(Source records)
★ ★ ★ ★

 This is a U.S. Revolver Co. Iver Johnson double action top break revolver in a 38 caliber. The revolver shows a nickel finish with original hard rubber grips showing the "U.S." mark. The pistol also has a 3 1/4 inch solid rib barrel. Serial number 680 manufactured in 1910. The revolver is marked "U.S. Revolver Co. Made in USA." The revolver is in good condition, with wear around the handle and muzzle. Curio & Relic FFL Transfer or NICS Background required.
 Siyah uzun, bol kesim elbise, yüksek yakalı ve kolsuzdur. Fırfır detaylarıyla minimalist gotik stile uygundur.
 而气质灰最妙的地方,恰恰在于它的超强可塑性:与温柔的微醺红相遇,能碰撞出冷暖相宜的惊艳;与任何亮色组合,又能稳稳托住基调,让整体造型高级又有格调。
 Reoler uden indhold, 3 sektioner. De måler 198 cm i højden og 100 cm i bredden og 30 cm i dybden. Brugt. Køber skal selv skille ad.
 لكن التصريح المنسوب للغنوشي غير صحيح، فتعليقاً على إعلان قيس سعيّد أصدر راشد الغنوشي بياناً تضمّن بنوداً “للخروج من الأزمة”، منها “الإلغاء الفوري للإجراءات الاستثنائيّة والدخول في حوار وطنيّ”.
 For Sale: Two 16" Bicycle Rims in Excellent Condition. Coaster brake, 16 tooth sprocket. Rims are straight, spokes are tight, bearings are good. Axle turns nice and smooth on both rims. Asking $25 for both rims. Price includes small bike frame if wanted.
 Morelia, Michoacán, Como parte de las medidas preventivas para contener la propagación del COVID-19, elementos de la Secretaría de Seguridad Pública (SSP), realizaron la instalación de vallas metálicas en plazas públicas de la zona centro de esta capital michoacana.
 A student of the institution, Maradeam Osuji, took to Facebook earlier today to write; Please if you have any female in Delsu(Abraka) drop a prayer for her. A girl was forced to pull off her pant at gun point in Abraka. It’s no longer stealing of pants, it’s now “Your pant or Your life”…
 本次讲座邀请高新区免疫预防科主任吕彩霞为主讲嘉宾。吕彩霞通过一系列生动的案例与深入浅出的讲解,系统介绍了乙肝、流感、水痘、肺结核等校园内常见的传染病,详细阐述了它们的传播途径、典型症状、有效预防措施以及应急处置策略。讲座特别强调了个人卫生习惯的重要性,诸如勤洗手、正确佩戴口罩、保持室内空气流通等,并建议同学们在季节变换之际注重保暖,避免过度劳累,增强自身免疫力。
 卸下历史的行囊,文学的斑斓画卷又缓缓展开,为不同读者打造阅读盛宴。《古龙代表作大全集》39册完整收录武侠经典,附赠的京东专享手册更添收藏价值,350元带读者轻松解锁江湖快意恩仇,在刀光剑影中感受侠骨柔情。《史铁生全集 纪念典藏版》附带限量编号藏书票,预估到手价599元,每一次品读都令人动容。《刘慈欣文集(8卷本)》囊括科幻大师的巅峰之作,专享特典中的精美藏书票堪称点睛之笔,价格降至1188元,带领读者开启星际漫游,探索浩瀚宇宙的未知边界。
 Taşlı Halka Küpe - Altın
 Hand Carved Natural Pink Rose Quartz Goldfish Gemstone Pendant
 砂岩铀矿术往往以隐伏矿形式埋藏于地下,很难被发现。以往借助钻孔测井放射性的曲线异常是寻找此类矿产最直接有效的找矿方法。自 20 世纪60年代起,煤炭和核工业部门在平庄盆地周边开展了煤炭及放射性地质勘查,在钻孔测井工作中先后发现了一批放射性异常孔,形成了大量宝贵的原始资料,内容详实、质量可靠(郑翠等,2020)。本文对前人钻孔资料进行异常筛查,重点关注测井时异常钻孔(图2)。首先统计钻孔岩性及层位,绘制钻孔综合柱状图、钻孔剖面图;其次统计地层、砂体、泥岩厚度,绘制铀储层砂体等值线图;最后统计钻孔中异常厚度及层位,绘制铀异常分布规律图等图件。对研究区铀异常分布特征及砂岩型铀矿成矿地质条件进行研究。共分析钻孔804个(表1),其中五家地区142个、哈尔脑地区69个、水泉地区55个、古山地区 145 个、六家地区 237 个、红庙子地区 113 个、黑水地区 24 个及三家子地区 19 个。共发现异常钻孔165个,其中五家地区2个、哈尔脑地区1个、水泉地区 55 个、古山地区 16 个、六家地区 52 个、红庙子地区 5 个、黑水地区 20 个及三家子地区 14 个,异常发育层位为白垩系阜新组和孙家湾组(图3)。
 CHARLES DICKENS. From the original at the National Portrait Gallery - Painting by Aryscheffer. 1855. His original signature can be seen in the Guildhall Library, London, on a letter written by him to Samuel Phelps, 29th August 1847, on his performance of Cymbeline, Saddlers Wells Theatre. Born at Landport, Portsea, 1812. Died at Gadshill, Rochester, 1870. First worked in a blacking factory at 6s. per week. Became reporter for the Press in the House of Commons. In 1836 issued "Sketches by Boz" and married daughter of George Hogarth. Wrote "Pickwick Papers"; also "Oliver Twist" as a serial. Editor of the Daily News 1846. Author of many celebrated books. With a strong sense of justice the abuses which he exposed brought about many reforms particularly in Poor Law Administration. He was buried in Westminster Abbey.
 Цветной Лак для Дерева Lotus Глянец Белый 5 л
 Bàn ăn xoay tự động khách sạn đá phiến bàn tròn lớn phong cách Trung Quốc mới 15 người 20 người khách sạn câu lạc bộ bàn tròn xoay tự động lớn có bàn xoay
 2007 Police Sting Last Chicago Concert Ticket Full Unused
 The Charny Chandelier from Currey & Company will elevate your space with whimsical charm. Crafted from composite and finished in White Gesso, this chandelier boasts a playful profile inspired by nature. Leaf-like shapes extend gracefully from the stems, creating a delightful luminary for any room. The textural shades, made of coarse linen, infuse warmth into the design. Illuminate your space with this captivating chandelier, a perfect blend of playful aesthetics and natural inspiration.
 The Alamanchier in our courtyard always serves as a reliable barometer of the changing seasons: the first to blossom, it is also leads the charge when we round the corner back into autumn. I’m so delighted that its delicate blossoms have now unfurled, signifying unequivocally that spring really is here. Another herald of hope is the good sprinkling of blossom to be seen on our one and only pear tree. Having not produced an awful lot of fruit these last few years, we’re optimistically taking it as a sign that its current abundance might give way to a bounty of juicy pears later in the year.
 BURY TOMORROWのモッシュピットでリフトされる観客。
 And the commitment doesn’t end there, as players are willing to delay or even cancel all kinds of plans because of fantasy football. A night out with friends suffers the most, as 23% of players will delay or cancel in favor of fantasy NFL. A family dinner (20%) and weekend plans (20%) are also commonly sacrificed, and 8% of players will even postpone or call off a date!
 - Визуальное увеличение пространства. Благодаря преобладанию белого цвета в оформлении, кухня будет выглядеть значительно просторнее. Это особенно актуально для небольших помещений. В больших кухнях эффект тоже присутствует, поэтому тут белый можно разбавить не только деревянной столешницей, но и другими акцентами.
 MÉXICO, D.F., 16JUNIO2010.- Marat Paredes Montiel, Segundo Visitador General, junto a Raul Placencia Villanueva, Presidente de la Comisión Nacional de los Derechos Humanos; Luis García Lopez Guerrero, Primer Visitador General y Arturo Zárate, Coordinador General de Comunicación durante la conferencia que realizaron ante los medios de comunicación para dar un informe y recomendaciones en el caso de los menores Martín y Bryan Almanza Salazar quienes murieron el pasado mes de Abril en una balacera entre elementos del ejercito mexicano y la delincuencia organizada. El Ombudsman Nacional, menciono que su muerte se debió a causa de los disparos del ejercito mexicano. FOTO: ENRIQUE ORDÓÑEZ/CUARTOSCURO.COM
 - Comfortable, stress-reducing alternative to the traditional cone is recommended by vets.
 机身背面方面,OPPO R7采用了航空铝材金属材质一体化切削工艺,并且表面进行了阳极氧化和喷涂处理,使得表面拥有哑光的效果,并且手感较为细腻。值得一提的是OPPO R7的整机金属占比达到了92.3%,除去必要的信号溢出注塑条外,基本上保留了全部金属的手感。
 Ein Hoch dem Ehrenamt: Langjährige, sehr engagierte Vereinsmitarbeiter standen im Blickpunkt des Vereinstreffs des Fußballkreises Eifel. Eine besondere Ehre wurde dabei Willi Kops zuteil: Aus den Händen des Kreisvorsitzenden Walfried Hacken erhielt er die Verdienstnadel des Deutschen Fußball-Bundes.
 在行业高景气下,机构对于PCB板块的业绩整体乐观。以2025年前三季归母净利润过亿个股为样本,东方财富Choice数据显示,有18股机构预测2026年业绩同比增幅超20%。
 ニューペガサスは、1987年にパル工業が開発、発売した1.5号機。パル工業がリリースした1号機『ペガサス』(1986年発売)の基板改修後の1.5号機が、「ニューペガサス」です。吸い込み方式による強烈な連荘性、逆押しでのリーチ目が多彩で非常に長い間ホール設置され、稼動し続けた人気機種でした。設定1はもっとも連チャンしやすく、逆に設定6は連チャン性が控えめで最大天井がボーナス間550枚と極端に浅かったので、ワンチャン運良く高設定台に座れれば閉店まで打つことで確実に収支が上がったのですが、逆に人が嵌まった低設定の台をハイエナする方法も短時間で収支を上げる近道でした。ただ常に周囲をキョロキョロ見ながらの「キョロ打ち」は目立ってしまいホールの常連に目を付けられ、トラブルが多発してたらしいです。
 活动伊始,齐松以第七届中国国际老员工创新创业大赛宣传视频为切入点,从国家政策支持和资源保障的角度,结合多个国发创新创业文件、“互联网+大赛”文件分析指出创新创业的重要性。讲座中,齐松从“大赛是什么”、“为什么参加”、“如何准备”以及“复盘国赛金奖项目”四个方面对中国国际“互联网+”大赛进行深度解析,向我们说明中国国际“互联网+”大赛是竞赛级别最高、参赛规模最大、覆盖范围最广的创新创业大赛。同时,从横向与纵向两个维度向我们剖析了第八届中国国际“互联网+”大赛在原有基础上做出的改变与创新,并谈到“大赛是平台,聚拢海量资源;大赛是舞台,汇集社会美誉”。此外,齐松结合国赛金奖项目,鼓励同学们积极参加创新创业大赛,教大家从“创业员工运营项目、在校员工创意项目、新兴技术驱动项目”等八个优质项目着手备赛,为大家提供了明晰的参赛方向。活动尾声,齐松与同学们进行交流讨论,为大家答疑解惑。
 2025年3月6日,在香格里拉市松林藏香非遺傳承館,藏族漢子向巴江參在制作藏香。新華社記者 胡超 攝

★ ★ ★ ★

* [WHAT YOU HAVE TO DO]: Begin at the line above that has "Morelia, Michoacán, Como" and stop after the line that has "本次讲座邀请高新区免疫预防科", copying each line exactly and adding nothing else.

* [SOLVED EXERCISE]:
 Morelia, Michoacán, Como parte de las medidas preventivas para contener la propagación del COVID-19, elementos de la Secretaría de Seguridad Pública (SSP), realizaron la instalación de vallas metálicas en plazas públicas de la zona centro de esta capital michoacana.
 A student of the institution, Maradeam Osuji, took to Facebook earlier today to write; Please if you have any female in Delsu(Abraka) drop a prayer for her. A girl was forced to pull off her pant at gun point in Abraka. It’s no longer stealing of pants, it’s now “Your pant or Your life”…
 本次讲座邀请高新区免疫预防科主任吕彩霞为主讲嘉宾。吕彩霞通过一系列生动的案例与深入浅出的讲解,系统介绍了乙肝、流感、水痘、肺结核等校园内常见的传染病,详细阐述了它们的传播途径、典型症状、有效预防措施以及应急处置策略。讲座特别强调了个人卫生习惯的重要性,诸如勤洗手、正确佩戴口罩、保持室内空气流通等,并建议同学们在季节变换之际注重保暖,避免过度劳累,增强自身免疫力。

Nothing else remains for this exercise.